Full-information game

The players are Jury and Contestant. Let

  • $X$ be a fixed population
  • $\mathcal{D}$ a probability distribution over $X$
  • $c: X \times X \to \mathbb{R}_{ + }$ be a fixed cost function
  • $h: X \to \left\{ -1, 1 \right\}$ be the target classifier

Then a full information (2-player) game is defined as follows:

  1. Jury publishes a classifier $f: X \to \left\{ -1, 1 \right\}$
    • cost function $c$
    • true classifier $h$
    • distribution $\mathcal{D}$
  2. Contestant produces a function $\Delta: X \to X$. The following information available to the Contestant:
    • cost function $c$
    • Jury's classifier $f$
    • true classifier $h$
    • distribution $\mathcal{D}$

The payoffs are:

  1. Jury:

    \begin{equation*}
\mathbb{P}_{x \sim \mathcal{D}} \big[ h(x) = f \big( \Delta(x) \big) \big]
\end{equation*}
  2. Contestant:

    \begin{equation*}
\mathbb{E}_{x \sim \mathcal{D}} \big[ f \big( \Delta(x) \big) - c \big( x, \Delta(x) \big) \big] 
\end{equation*}
  • $c$ quantifies how much it costs for the Contestant to change the input to the Jury
  • $\Delta$ is the change in the input made by the Contestant
  • Full information game is an example of a Stackelberg competition
    • A Stackelberg competition is a game where the first player (Jury) has the ability to commit to her strategy (a classifier $f$) before the second player (Contestant) responds.
    • Wish to find a Stackelberg equilibrium, that is, a highest-payoff strategy for Jury, assuming best response of Contestant
      • Equivalently, a perfect equilibrium in the corresponding strategic-form game

The Contestant knows the true classifier AND the Jury's classifier $h$, while the Jury does not know the Contestant's function $\Delta$.

<2020-03-22 Sun 07:17> The Contestant knows the true classifier AND the Jury's classifier $h$, while the Jury assumes Contestant chooses the optimal $\Delta$.

  • Best outcome for Jury is of course to find $f$ such that $\Delta(x) \in f^{-1} \big( h(x) \big)$ for all $x \in \supp (\mathcal{D})$
  • Best outcome for Contestant is to find $\Delta$ s.t. $\Delta(x)$ is always classified as a "positive" example i.e. $f \big( \Delta(x) \big) = 1$ (assuming no cost)
    • In general, we'll simply have

      \begin{equation*}
\Delta(x) = \underset{y \in X}{\argmax}\ \Big( f(y) - c(x, y) \Big)
\end{equation*}

      which will then of course maximize the payoff for the Contestant. This motivates the definition of the strategic maximum.

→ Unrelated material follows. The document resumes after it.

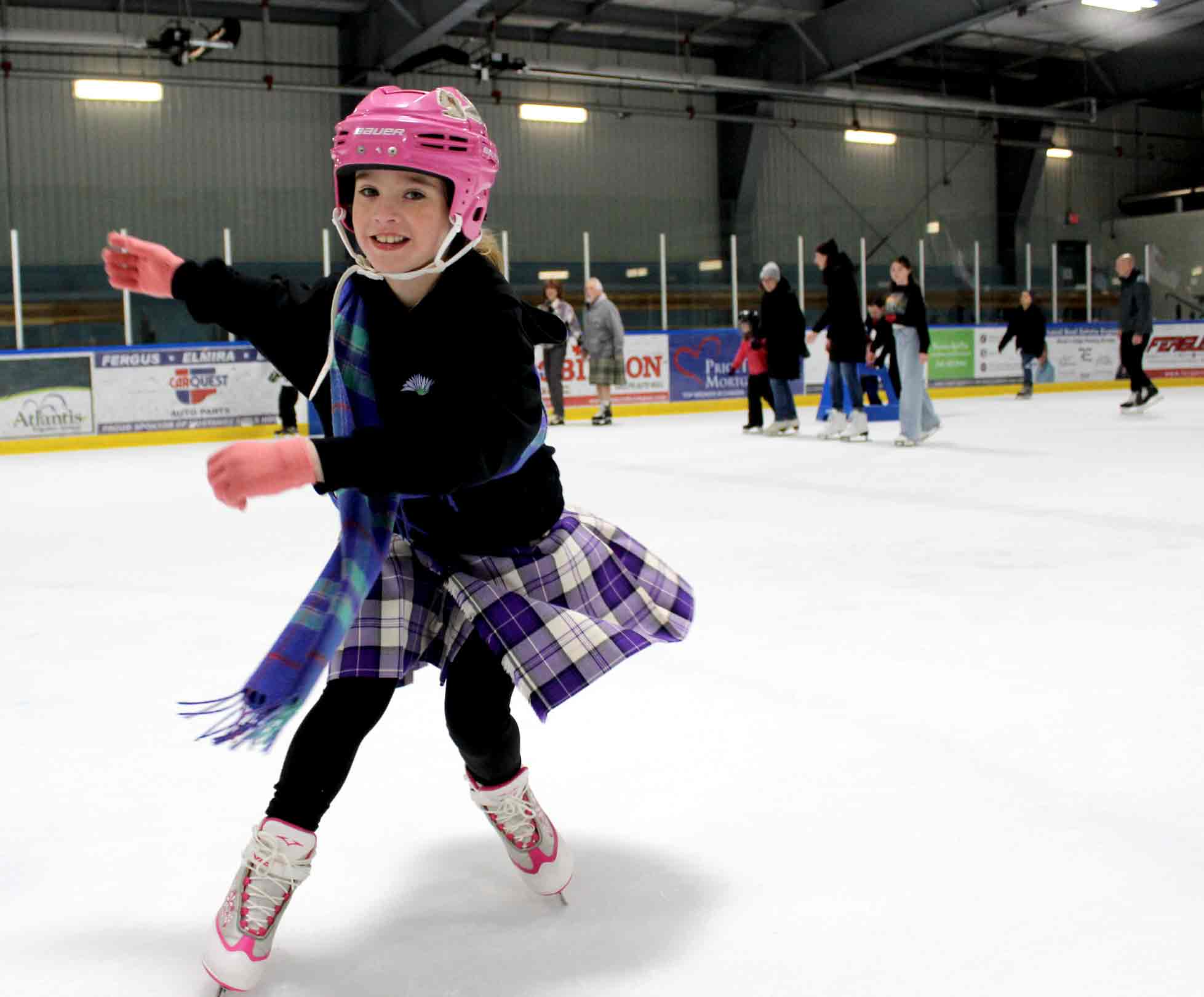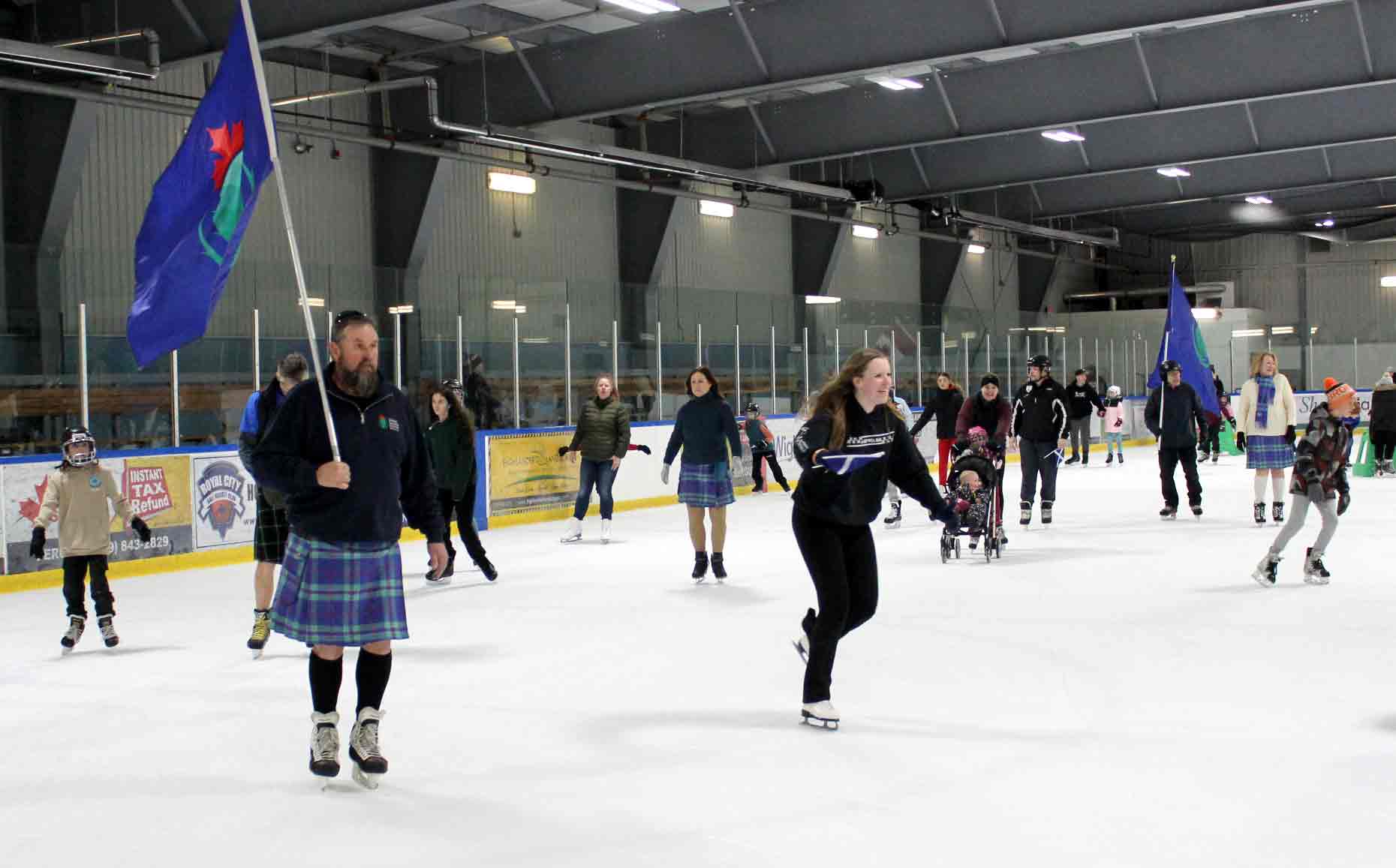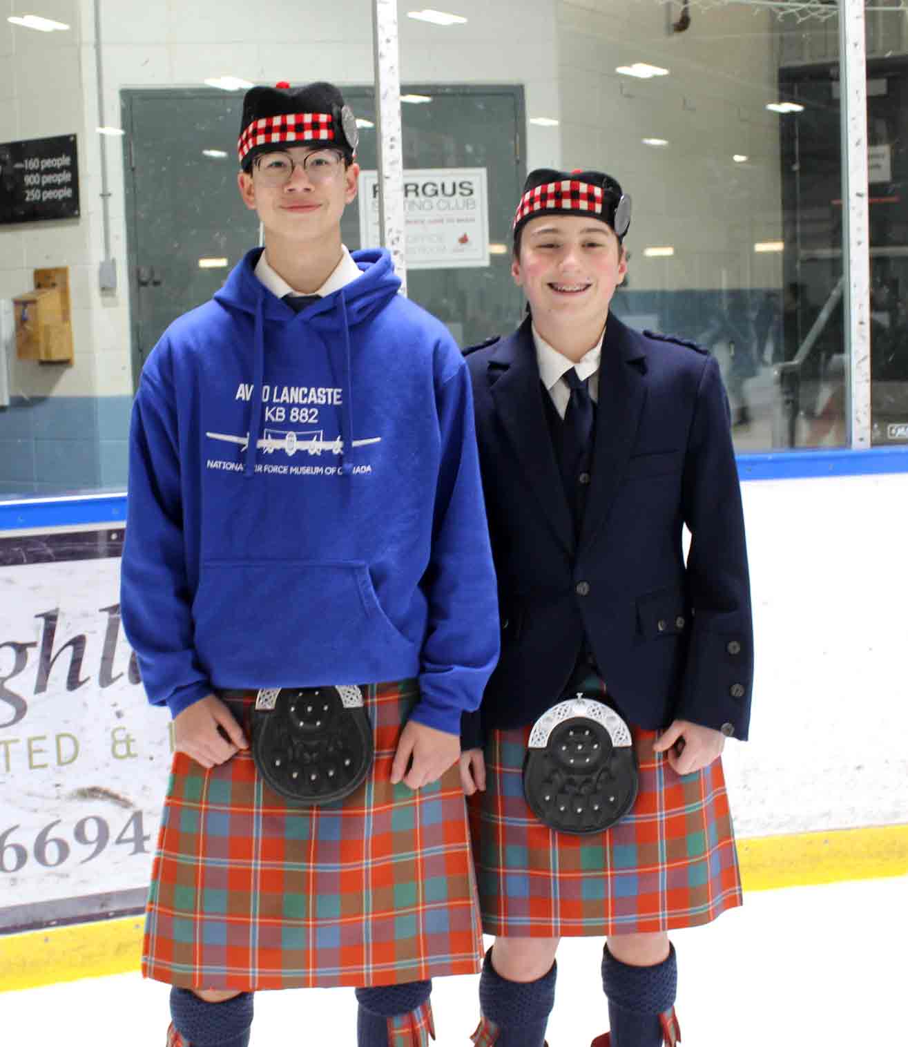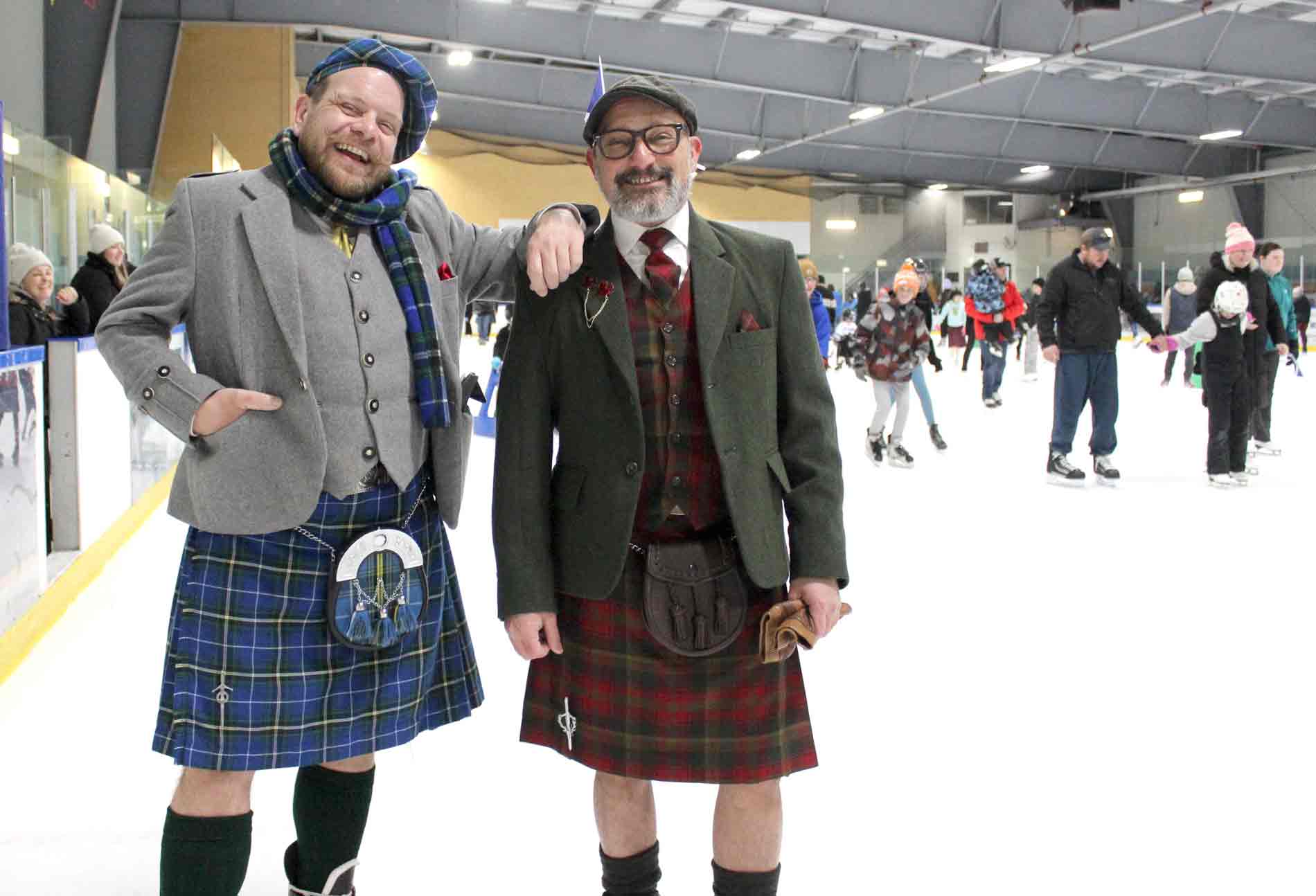 Kilt skate – Communities across Canada and Scotland held kilt skates over the weekend, including one at the Centre Wellington Community Sportsplex in Fergus on Feb. 22. The Fergus International Kilt Skate event was hosted by the Fergus Scottish Festival and included highland dance performances, music from the Fergus and Grand Celtic pipe bands, hot chocolate and Sheena’s Scottish Shortbread. PHOTO 1: Gregory Finney, left, and Malcolm Vella, who travelled from Mississauga to attend the kilt skate, said a similar event the previous day in Toronto paled in comparison to the one in Fergus. PHOTO 2: Blue Bonnet Lassies dancer Pearl Dodds, 9, pulled off some spins on the ice. PHOTO 3: The event kicked off with a performance from the Blue Bonnet Lassies. Kailey Eisen, right, couldn’t help but join in during Brooke Bailey, left, and Maribelle McBroom’s performance. PHOTO 4: From left, Brooke Pembleton, Alex Gerber, Mary MacIsaac, Hannah Pembleton, Lennon Pembleton, Ellea Pembleton, Leiona Speer and Margaret MacIsaac. PHOTO 5: Tristan Huehn, 7, smiled wide and wore tartan proudly during the kilt skate. PHOTO 6: Mary Meads helping Louise Meads. PHOTO 7: Tartans and flags on the ice. PHOTO 8: Sebastian Lung, left, and Merrit Drake did some laps of the ice before playing drums with the pipe band. PHOTO 9: From left, Noah Nicoll, Nia Nicoll and Carley Young show their Scottish pride. Photos by Robin George

The strategic maximum in a full-information game is defined as

\begin{equation*}
\mathrm{OPT}_h(\mathcal{D}, c) = \max_{f: X \to \left\{ -1, 1 \right\}} \mathbb{P}_{x \sim \mathcal{D}} \big[ h(x) = f \big( \Delta(x) \big) \big]
\end{equation*}

where $\Delta(x)$ is defined (as above)

\begin{equation*}
\Delta(x) = \underset{y \in X}{\argmax}\ \Big( f(y) - c(x, y) \Big)
\end{equation*}

(notice it depends on $f$)

Suppose $c(x, x) = 0$, i.e. zero-cost for Contestant to not move. Then we have the following characterization

  1. if $f(x) = 1$, then $\Delta(x) = x$
    • We assuming that if one of the maximas defining $\Delta$ is $x$ then we pick $x$, rather than one of the other maximas
  2. if $f(x) = - 1$, then we let

    \begin{equation*}
y := \underset{y \in X: f(y) = 1}{\argmin} c(x, y)
\end{equation*}

    then

    \begin{equation*}
\Delta(x) =
\begin{cases}
  y &amp; \quad c(x, y) &lt; 2 \\
  x &amp; \quad c(x, y) \ge 2
\end{cases}
\end{equation*}
    • Here we're just trying to find the "nearest" (in cost) point $y$ such that it will be classified as a positive example
    • It is clear that if $c(x, y) = 2$, then $f(y) - c(x, y) \le 1 - 2 = -1 = f(x)$ and checking values on either side of this boundary it's clear
Statistical classification game
  • Now neither the Jury nor the Contestant has knowledge of $\mathcal{D}$ and $h$, but instead the Jury can request samples $x \sim \mathcal{D}$ (hence "statistical" in the name)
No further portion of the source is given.